*What you should do*. Give back the exact lines of the material below from the one containing "Bota feminina de" through the one containing "Ответы к Решение", and no pictures.

*The data*.
□ □ □

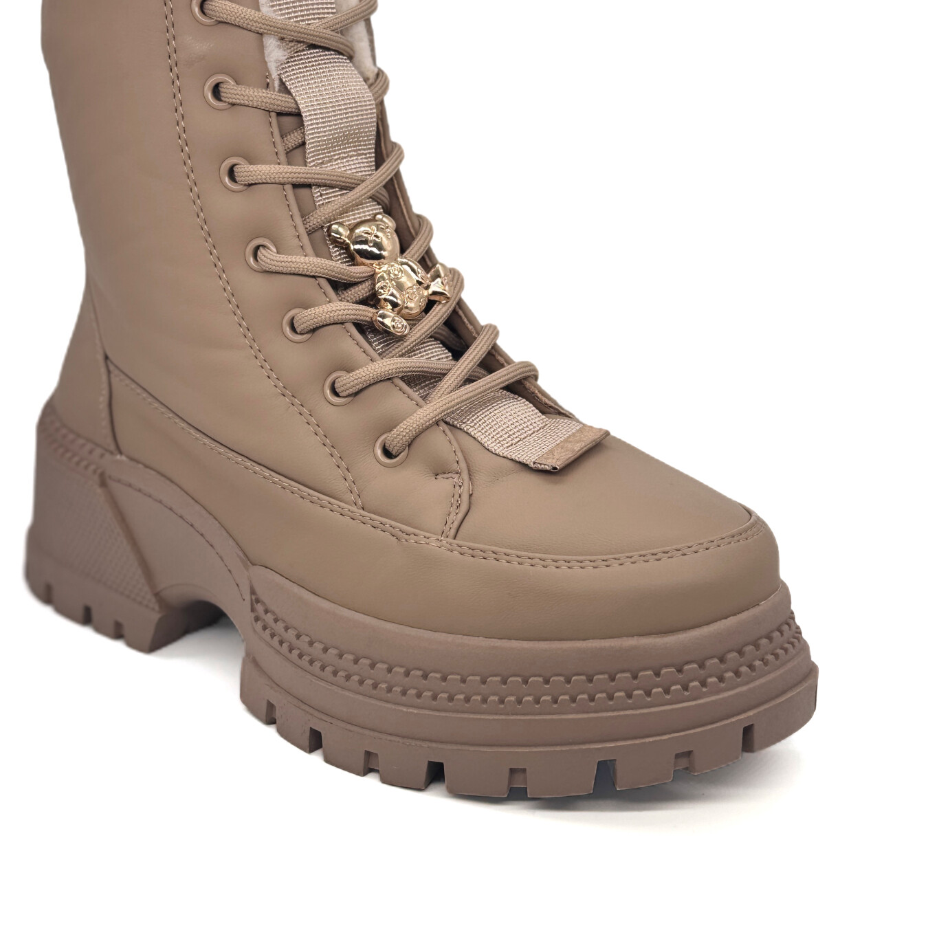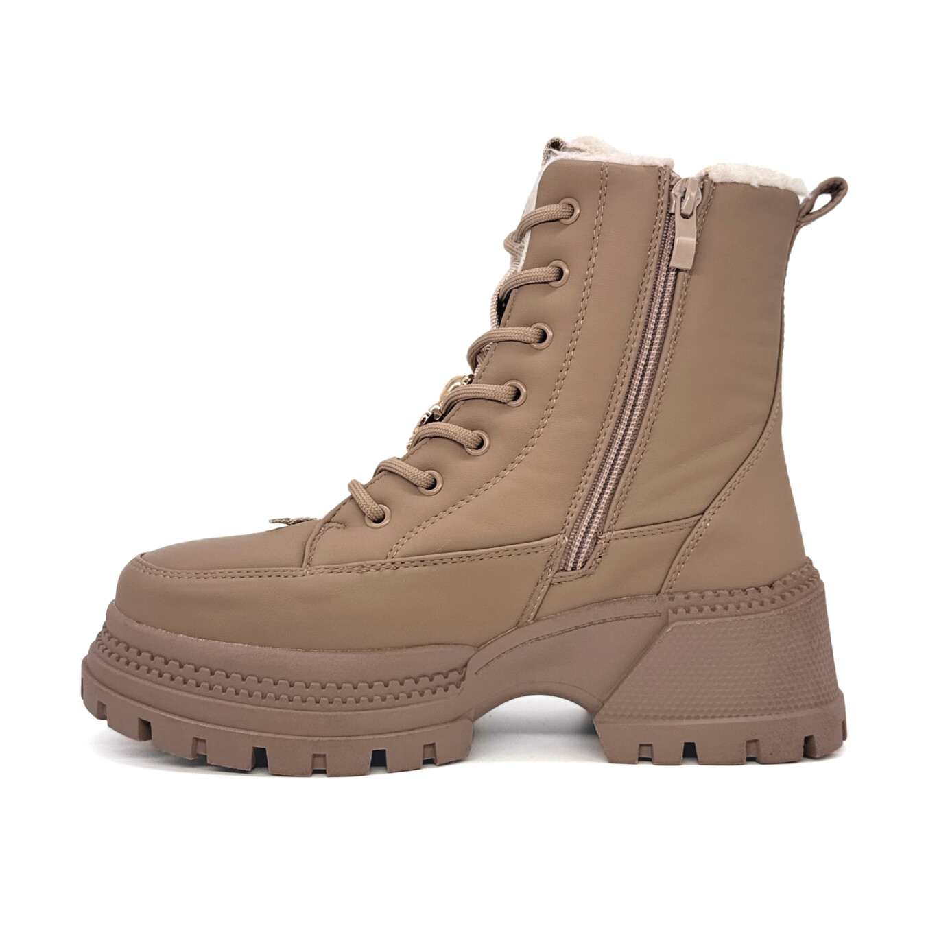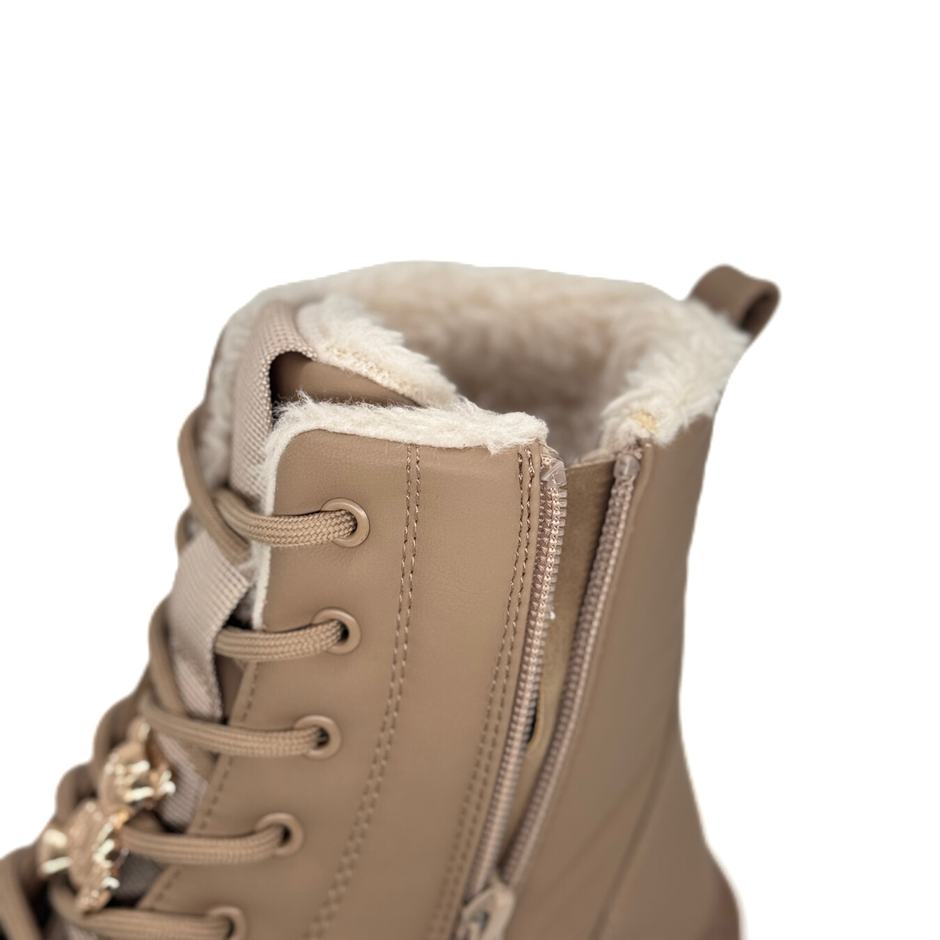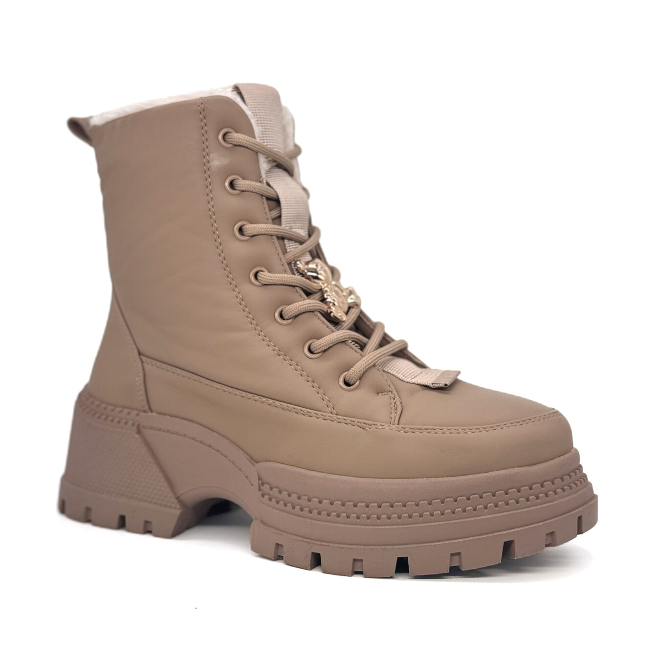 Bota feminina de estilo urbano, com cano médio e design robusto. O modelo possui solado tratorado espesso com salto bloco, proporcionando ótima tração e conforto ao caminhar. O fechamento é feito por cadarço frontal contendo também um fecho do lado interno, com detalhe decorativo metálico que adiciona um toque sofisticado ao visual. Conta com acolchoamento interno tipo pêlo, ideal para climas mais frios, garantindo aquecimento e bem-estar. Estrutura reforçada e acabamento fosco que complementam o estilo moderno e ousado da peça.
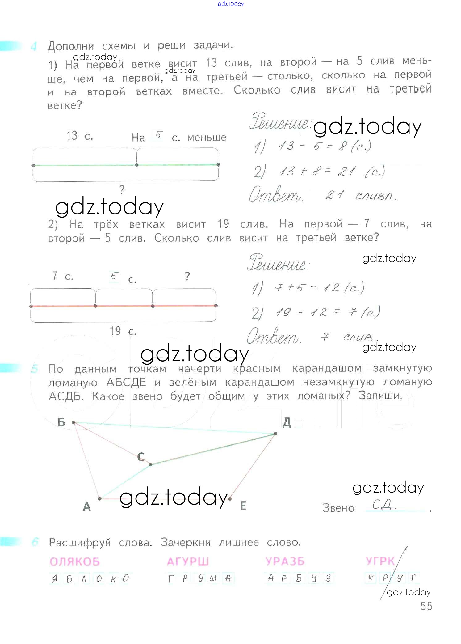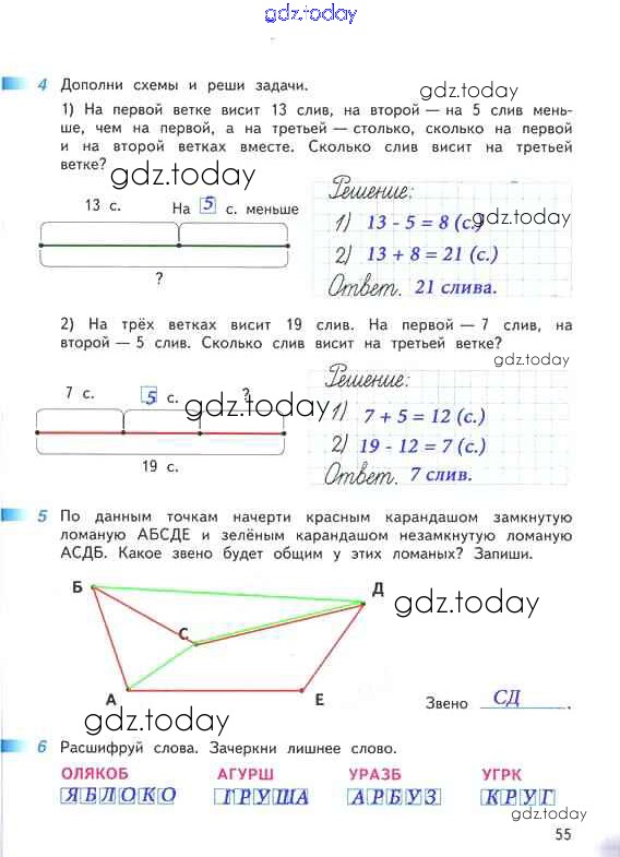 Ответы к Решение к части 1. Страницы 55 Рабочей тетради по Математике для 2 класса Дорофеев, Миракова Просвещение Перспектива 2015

□ □ □

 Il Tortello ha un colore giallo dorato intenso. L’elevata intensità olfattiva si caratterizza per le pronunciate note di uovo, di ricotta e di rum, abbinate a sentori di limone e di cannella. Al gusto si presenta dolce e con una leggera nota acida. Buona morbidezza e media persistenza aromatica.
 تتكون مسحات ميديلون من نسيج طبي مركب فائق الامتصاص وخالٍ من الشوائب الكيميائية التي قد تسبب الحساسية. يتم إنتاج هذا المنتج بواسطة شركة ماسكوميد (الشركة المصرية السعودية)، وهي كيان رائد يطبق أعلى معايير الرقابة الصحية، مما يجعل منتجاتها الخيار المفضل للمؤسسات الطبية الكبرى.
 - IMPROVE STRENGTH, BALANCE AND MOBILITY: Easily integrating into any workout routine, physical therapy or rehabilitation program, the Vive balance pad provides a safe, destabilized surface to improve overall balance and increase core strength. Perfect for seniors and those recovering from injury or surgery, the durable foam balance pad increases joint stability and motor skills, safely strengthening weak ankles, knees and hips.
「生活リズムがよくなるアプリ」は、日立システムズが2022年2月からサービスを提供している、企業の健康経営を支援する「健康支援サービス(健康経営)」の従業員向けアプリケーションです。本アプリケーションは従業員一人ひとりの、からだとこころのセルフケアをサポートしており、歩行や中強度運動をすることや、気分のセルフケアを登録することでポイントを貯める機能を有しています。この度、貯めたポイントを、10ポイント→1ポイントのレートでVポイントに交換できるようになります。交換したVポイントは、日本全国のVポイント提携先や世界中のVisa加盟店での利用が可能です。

□ □ □

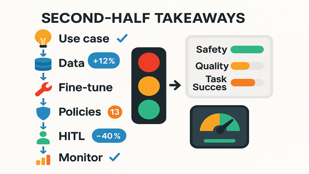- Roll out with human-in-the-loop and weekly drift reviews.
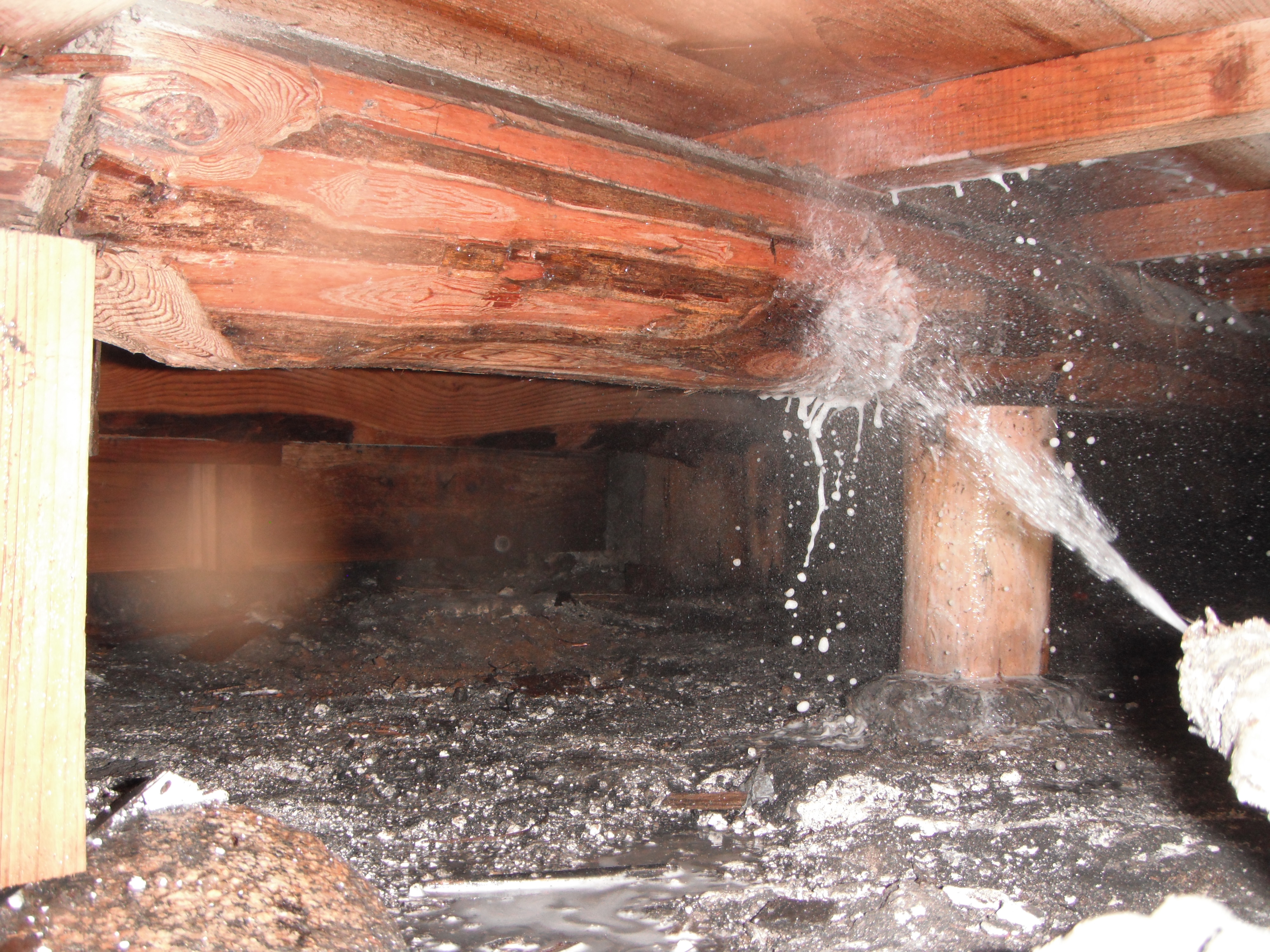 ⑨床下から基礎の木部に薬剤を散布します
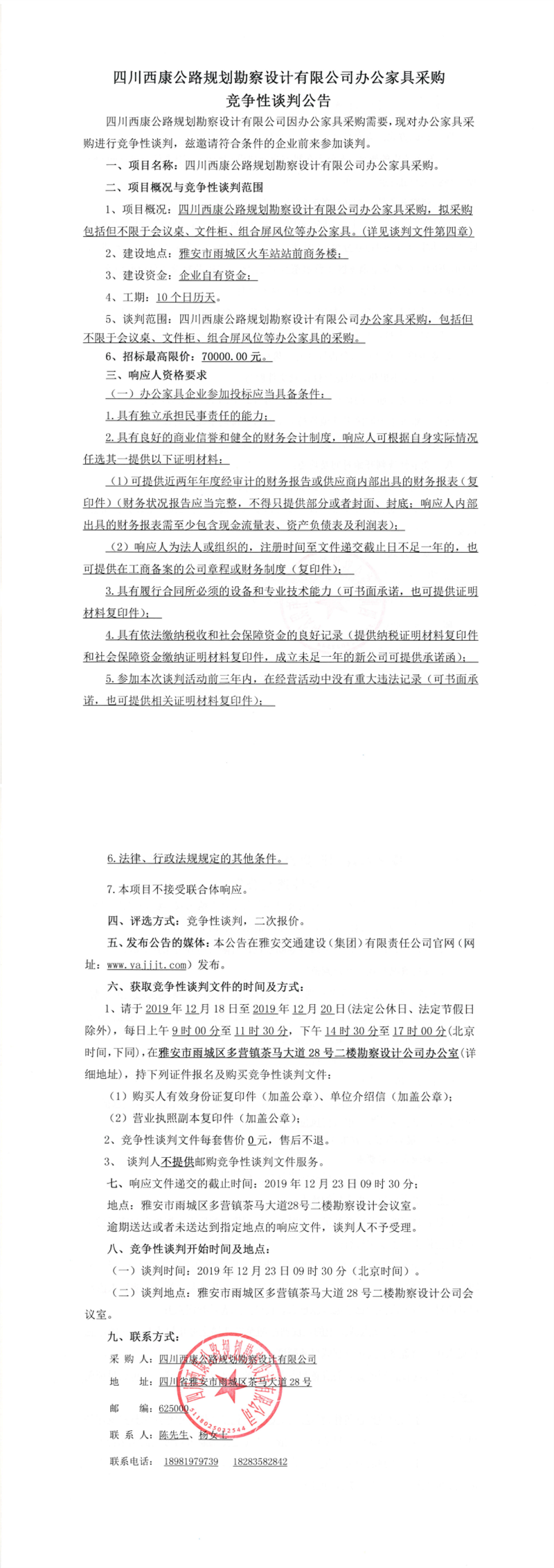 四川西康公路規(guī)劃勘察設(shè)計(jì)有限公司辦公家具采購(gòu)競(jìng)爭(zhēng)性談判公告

□ □ □

*Response to this exercise*.
 Bota feminina de estilo urbano, com cano médio e design robusto. O modelo possui solado tratorado espesso com salto bloco, proporcionando ótima tração e conforto ao caminhar. O fechamento é feito por cadarço frontal contendo também um fecho do lado interno, com detalhe decorativo metálico que adiciona um toque sofisticado ao visual. Conta com acolchoamento interno tipo pêlo, ideal para climas mais frios, garantindo aquecimento e bem-estar. Estrutura reforçada e acabamento fosco que complementam o estilo moderno e ousado da peça.
 Ответы к Решение к части 1. Страницы 55 Рабочей тетради по Математике для 2 класса Дорофеев, Миракова Просвещение Перспектива 2015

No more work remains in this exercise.